So, once these airports are now open and the ports in the Coopers Town port, then we're able to get in there and access the damages and conduct really the assessments and rescues that we must do.

BLITZER: Good luck to everyone in the Bahamas. Our hearts go out to you. Theo Neilly, thank you so much for joining us.

NEILLY: Thank you again, Wolf. Thank you much. Thank you for your thoughts and concerns.

BLITZER: Thank you. With Hurricane Dorian today lashing the Carolinas and expected to make its way up into the North Atlantic, President Trump is still insisting that the storm once had Alabama in its sights.

Let's go to our chief White House correspondent Jim Acosta. Jim, the president just won't let go of this.

JIM ACOSTA, CNN CHIEF WHITE HOUSE CORRESPONDENT: That's right, Wolf. He has not penned an apology letter yet, and President Trump is still obsessed with proving he was right about Hurricane Dorian, but while the president is fixated on the hurricane, White House officials may be ignoring other possible problems creeping up on them including the economy and Mr. Trump's quest for a wall that has his fellow Republicans nervous, potentially pitting the president against the Senate Majority Leader Mitch McConnell and other GOP lawmakers.


ACOSTA (voice-over): With the Carolinas and the Bahamas picking up the pieces after Hurricane Dorian, President Trump is still defending his magic marker meteorology, tweeting, "The fake news media was fixated on the fact that I properly said at the beginnings of Hurricane Dorian that, in addition to Florida and other states, Alabama may also be grazed or hit.
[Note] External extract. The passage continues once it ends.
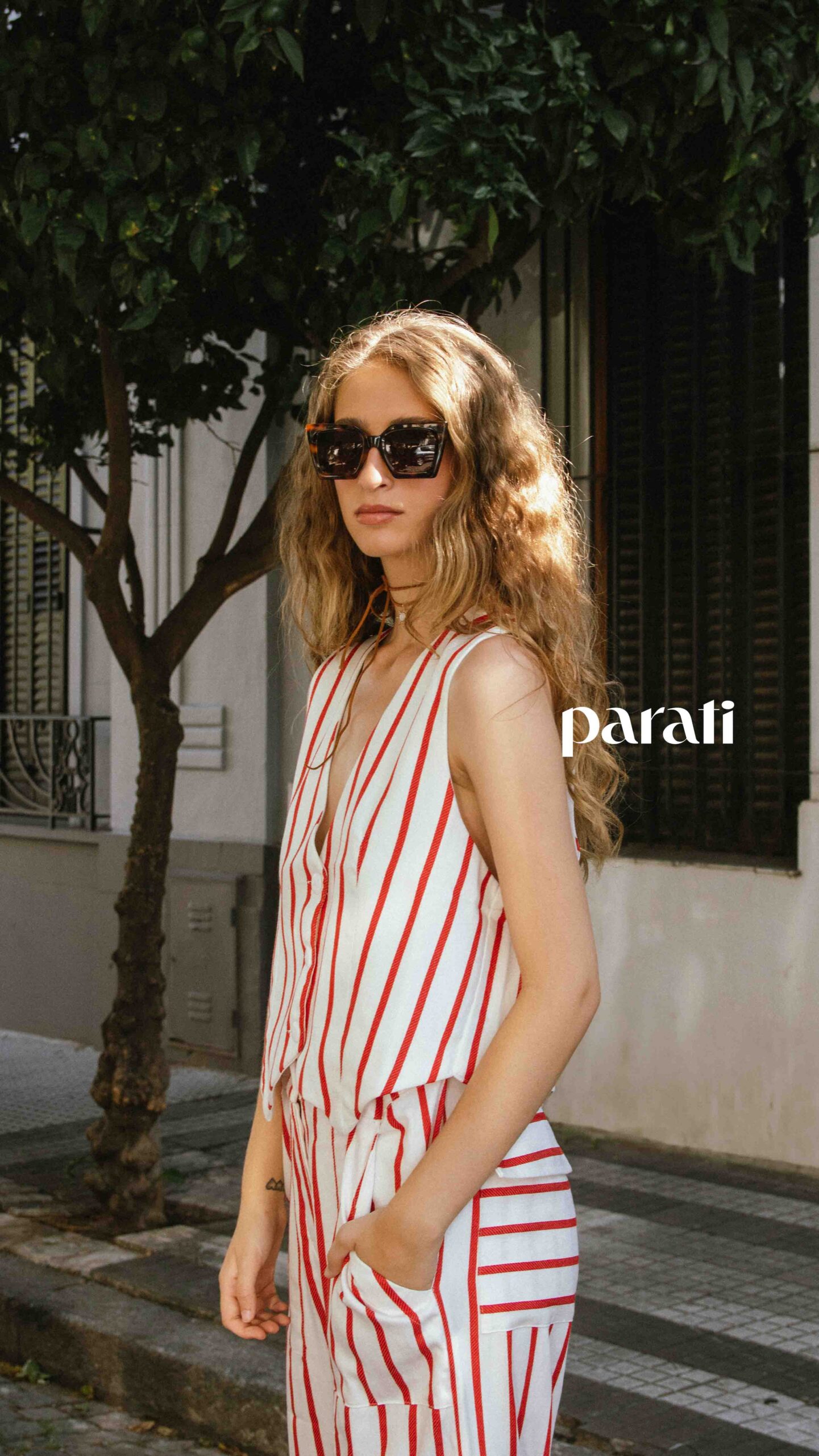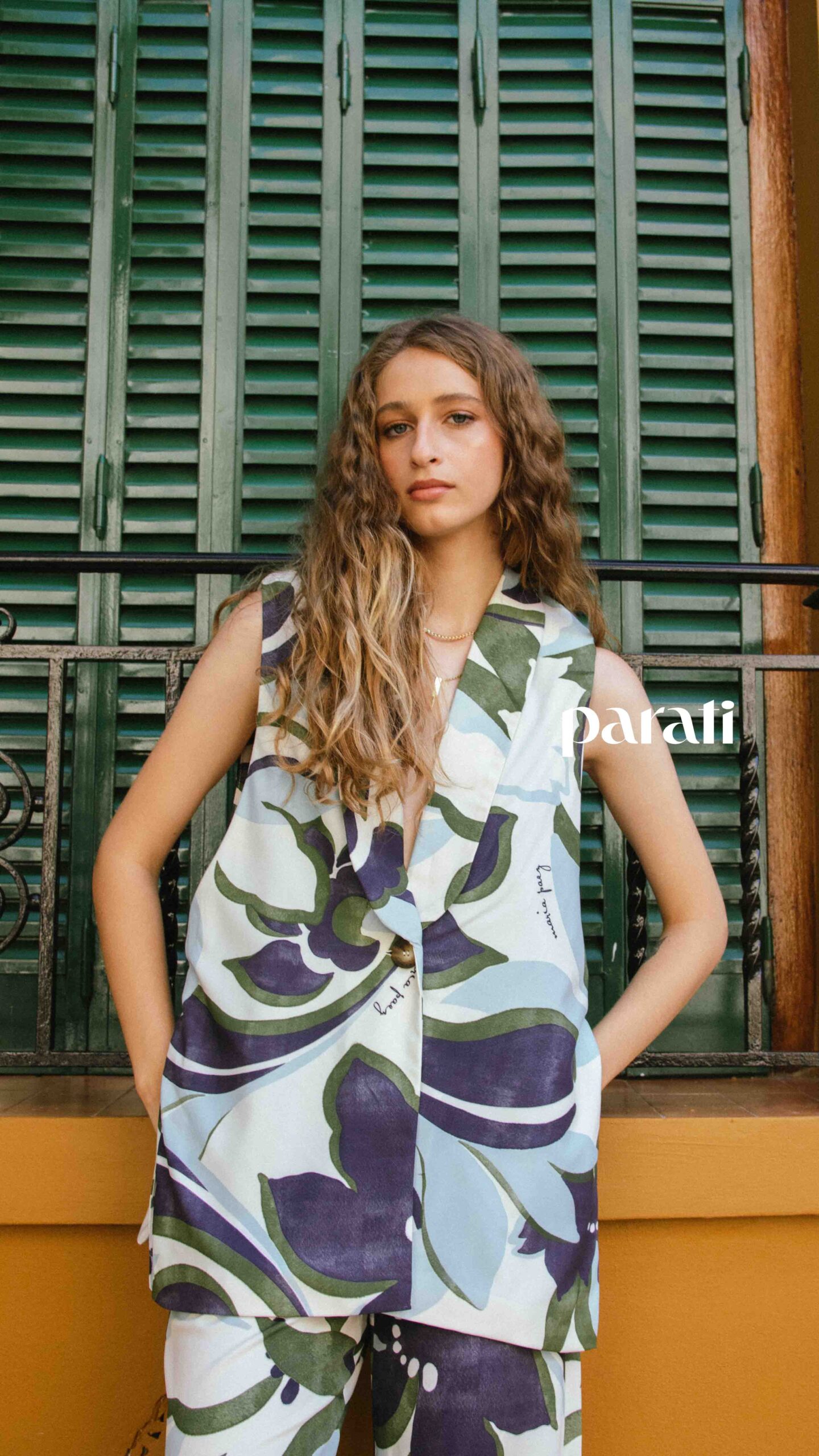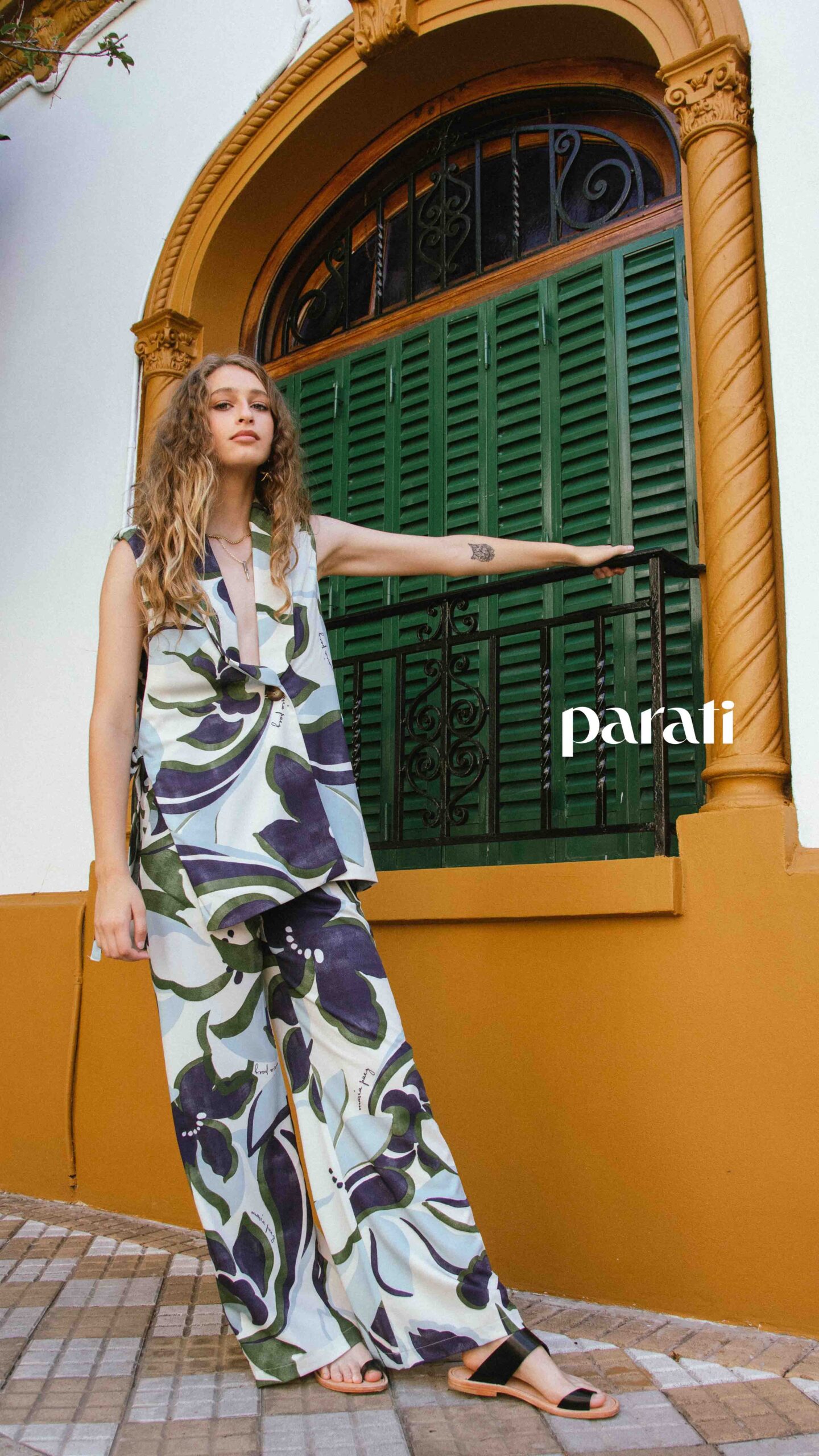 Chaleco con tajos laterales y pantalón estampado (María Paez, @mariapaezarg), sandalias de cuero (Fiskyn, @fiskynzapatos) y aros y collar con dije (Barzón, @barzon.store).
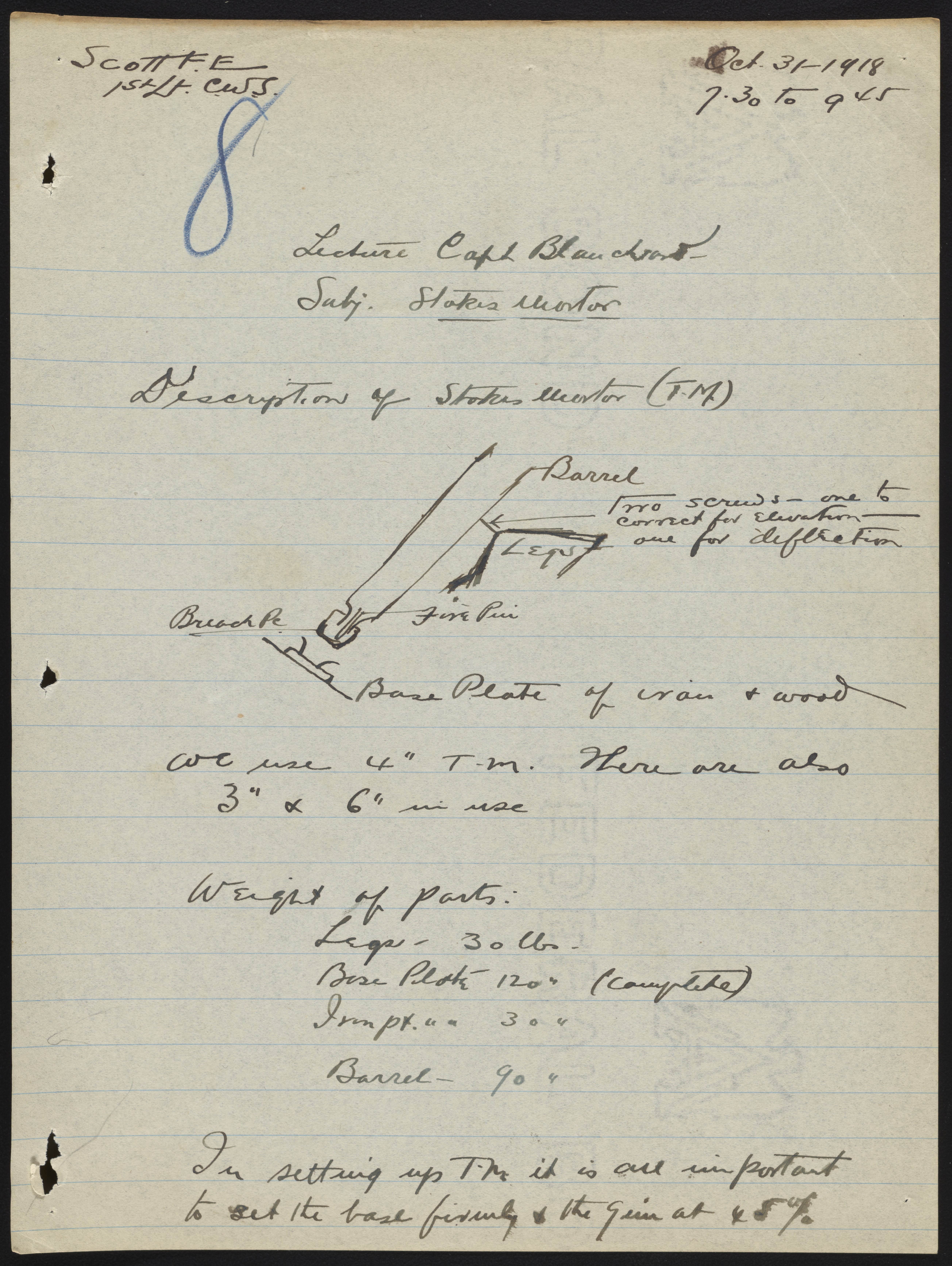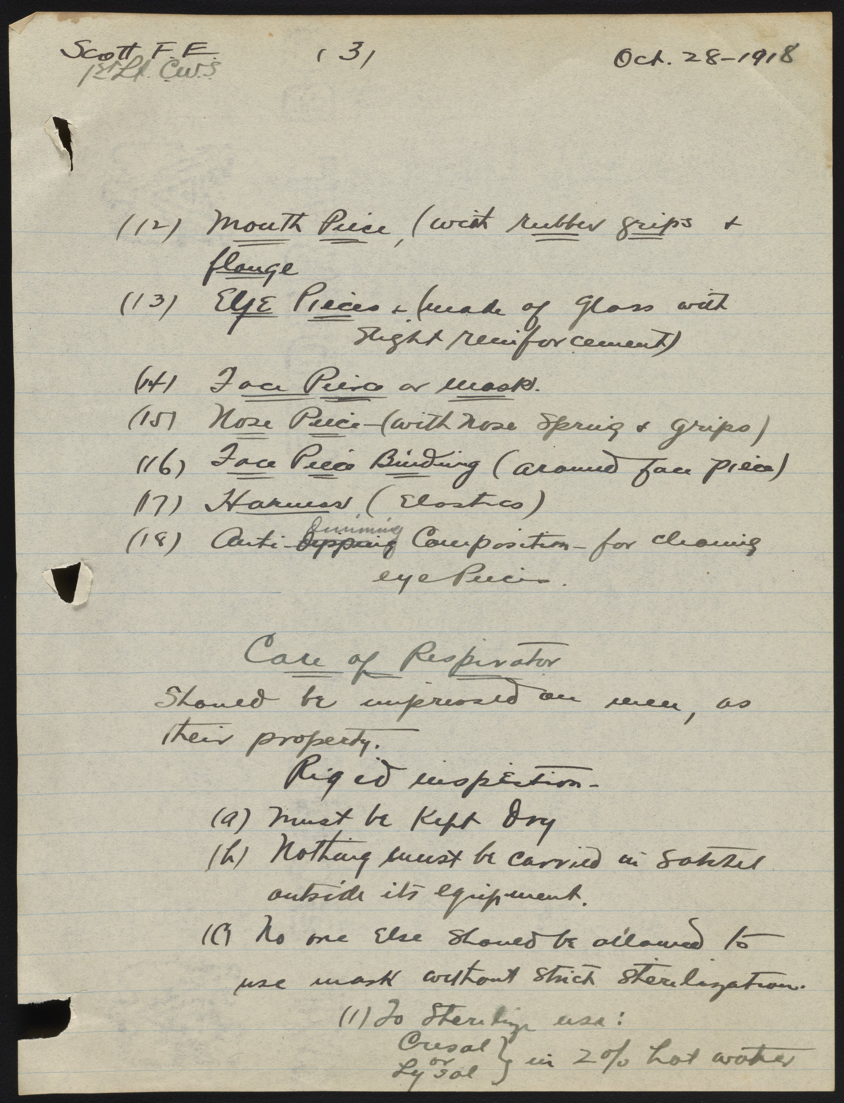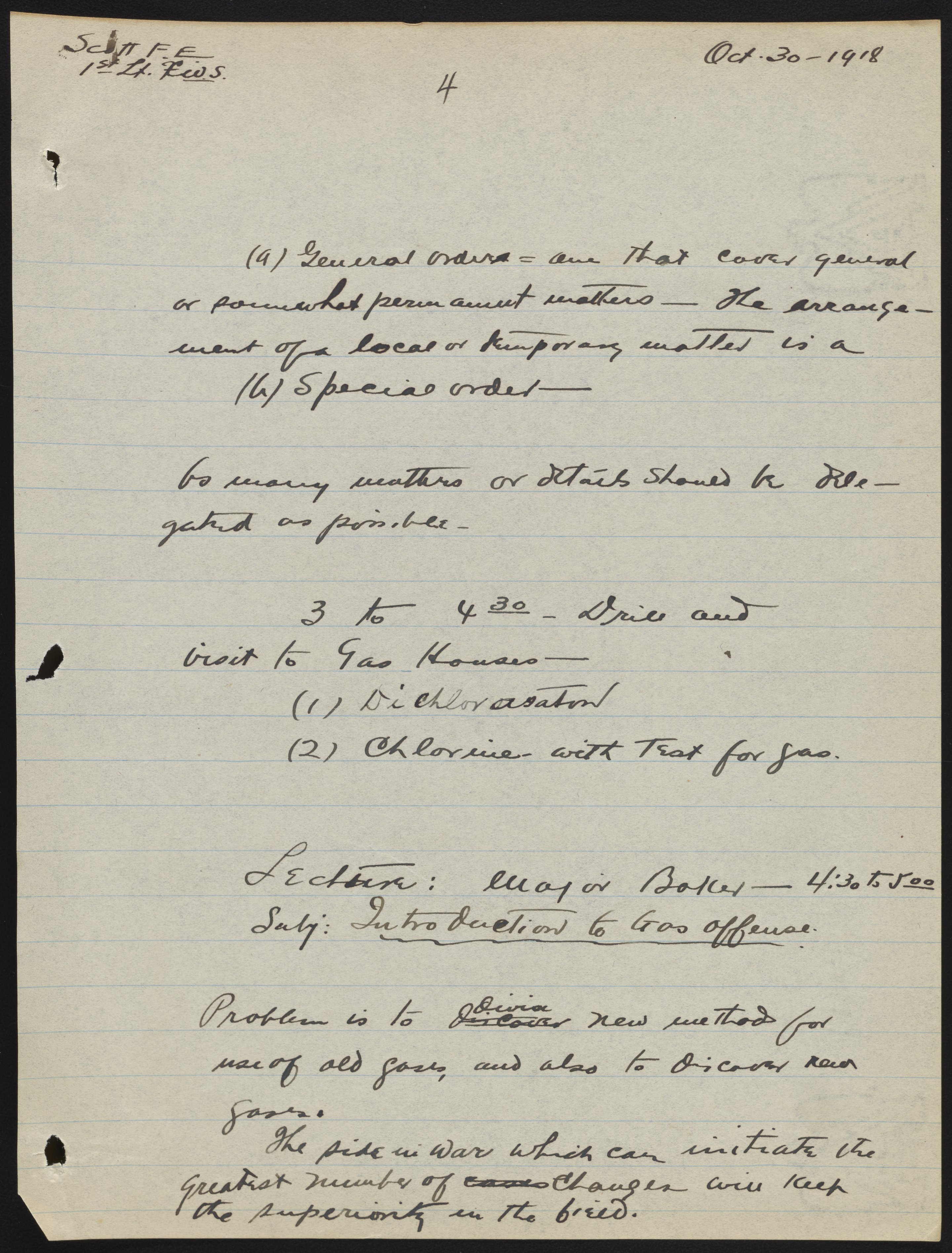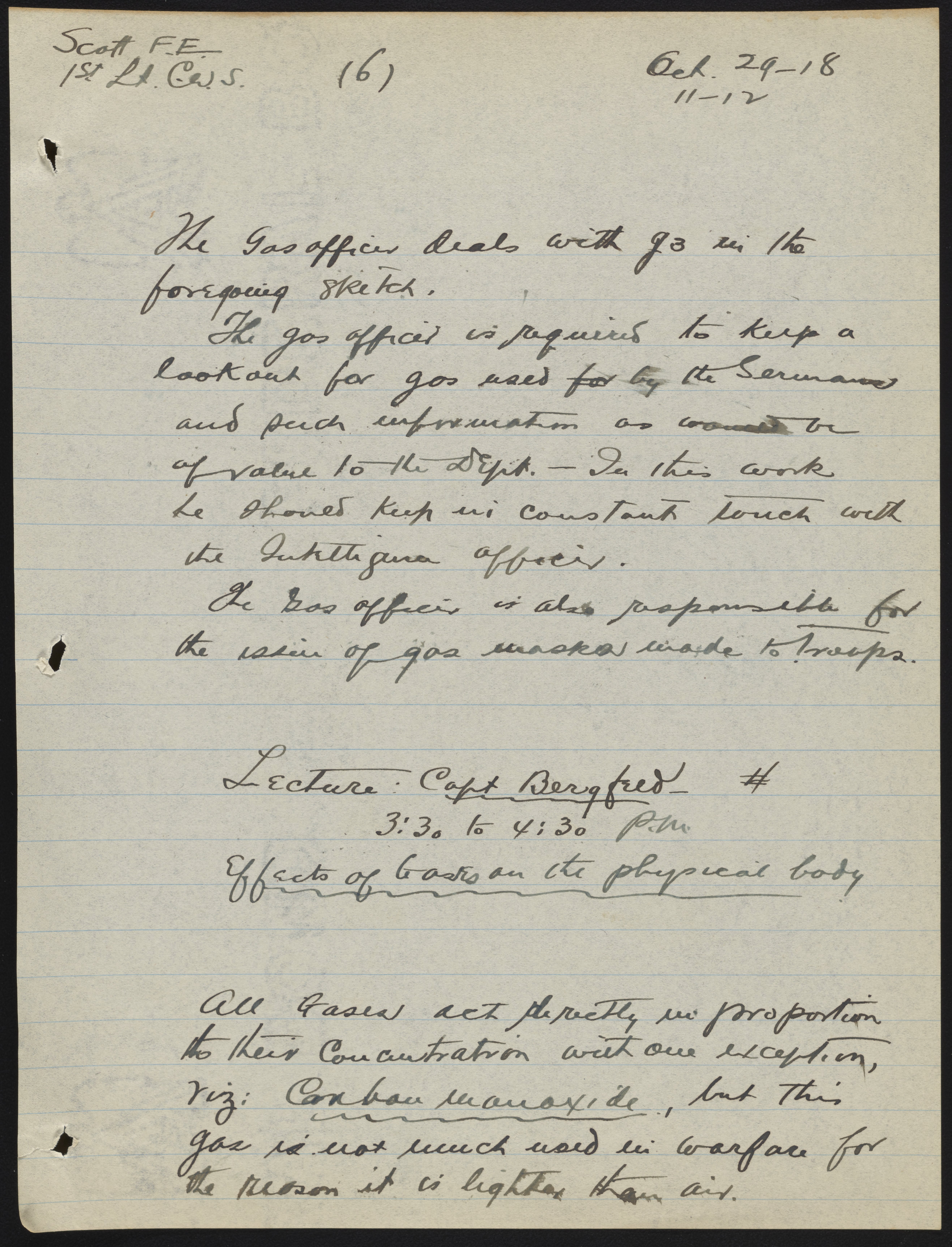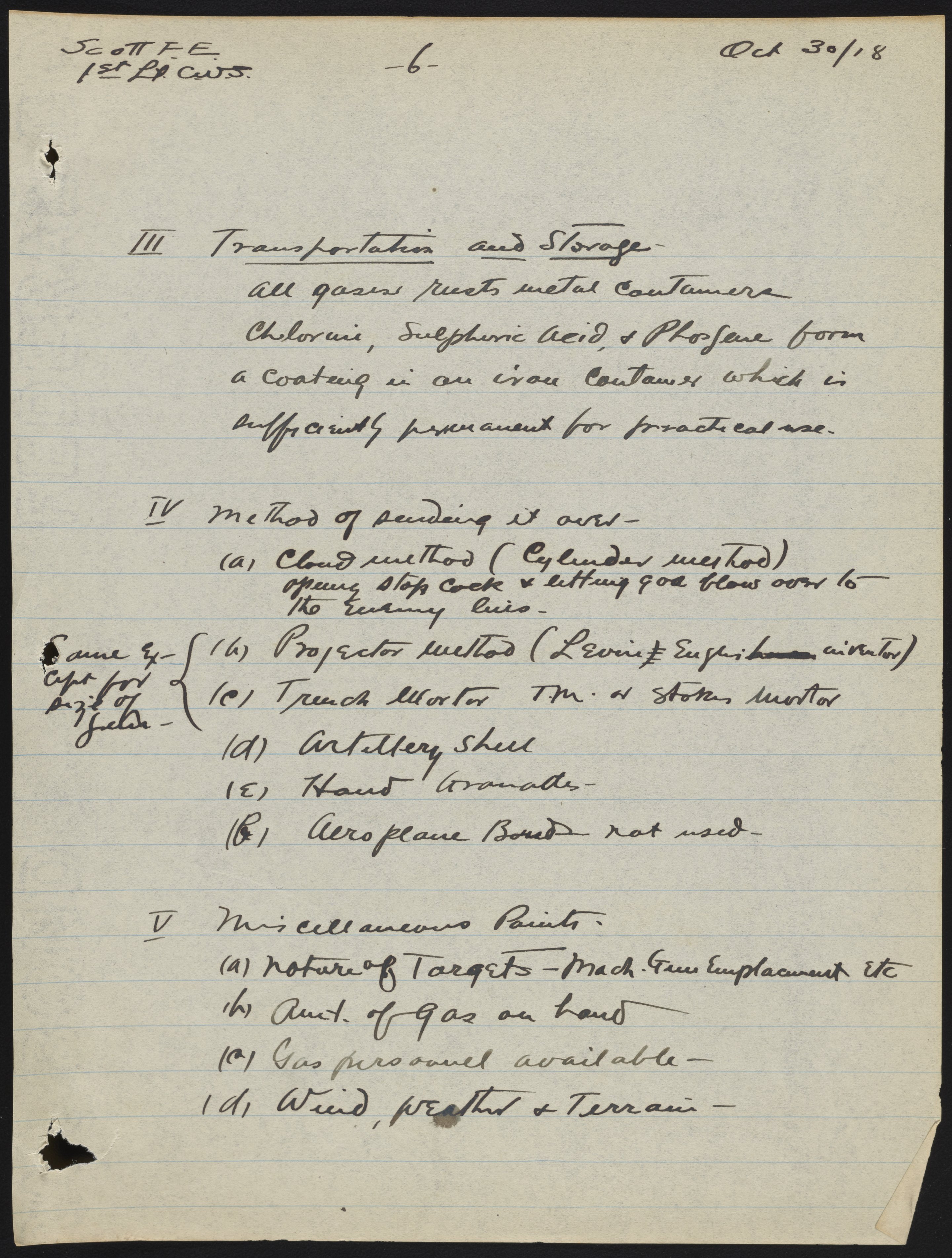 Scott, Francis E. “United States Army Gas School Course Notes,” 1918. Household and Organic Chemistry Course Notebooks. Science History Institute. Philadelphia. https://digital.sciencehistory.org/works/tx31qj045.

They went crazy, hoping against hope that I made a mistake, which I didn't."

Despite a week's worth of fact-checks showing that's not true, the Trump campaign is cashing in, selling these Trump campaign markers for $15, a big markup from what they cost in stores.

Former White House Communications Director Anthony Scaramucci once again claimed there is something wrong with the president.


ANTHONY SCARAMUCCI, FORMER WHITE HOUSE COMMUNICATIONS DIRECTOR (via telephone): I think the president is in severe mental decline, and I'm not saying that now because I'm a political adversary or I have disavowed him. I'm saying that objectively, just looking at what's going on.


ACOSTA: But the White House may have bigger problems on its hands after the latest unemployment numbers found 130,000 jobs were added in August, below expectations, given that 25,000 of those positions were for the census.

The president is again tweeting his frustrations about Federal Reserve Chairman Jerome Powell, asking: "Where did I find this guy Jerome? Oh, well, you can't win them all."

Powell said the Fed is watching the economy closely but doesn't see a recession coming.


JEROME POWELL, FEDERAL RESERVE CHAIRMAN: I did mention, though, that there are these risks. And we're monitoring them very carefully and we're conducting policy in a way that will address them. But, no, I wouldn't see a recession as the most likely outcome for the United States or for the world economy, for that matter.


ACOSTA: And neither does the White House.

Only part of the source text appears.